* _Exercise_
Show all lines from the material that carry the word "lani".

* _Record set_
########################################

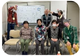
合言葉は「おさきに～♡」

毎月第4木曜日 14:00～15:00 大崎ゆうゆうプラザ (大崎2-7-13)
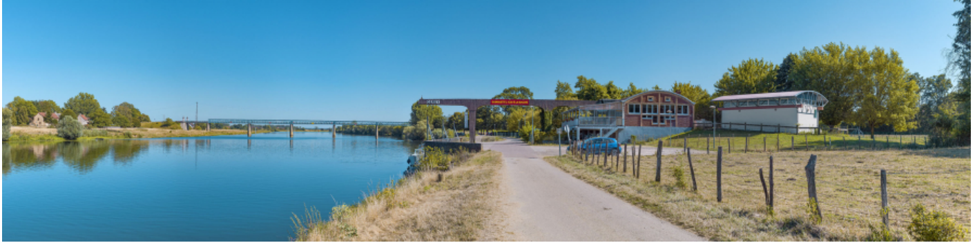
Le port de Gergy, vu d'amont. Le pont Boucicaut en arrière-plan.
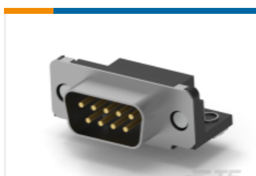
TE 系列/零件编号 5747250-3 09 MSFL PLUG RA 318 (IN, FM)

########################################

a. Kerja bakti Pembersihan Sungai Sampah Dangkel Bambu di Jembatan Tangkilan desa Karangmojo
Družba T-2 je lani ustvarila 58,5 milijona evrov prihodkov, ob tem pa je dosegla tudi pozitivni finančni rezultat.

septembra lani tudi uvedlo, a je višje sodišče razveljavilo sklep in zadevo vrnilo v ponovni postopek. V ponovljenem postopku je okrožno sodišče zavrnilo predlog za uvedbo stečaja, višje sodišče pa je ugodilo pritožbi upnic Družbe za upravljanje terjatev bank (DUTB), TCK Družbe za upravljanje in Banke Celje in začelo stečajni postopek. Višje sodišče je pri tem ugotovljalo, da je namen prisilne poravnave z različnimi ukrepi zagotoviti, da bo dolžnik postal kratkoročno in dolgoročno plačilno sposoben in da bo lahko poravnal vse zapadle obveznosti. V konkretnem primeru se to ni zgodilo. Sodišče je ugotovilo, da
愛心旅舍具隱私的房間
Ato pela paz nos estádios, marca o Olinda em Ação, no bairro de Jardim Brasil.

########################################

* _Answer space_
Družba T-2 je lani ustvarila 58,5 milijona evrov prihodkov, ob tem pa je dosegla tudi pozitivni finančni rezultat.
septembra lani tudi uvedlo, a je višje sodišče razveljavilo sklep in zadevo vrnilo v ponovni postopek. V ponovljenem postopku je okrožno sodišče zavrnilo predlog za uvedbo stečaja, višje sodišče pa je ugodilo pritožbi upnic Družbe za upravljanje terjatev bank (DUTB), TCK Družbe za upravljanje in Banke Celje in začelo stečajni postopek. Višje sodišče je pri tem ugotovljalo, da je namen prisilne poravnave z različnimi ukrepi zagotoviti, da bo dolžnik postal kratkoročno in dolgoročno plačilno sposoben in da bo lahko poravnal vse zapadle obveznosti. V konkretnem primeru se to ni zgodilo. Sodišče je ugotovilo, da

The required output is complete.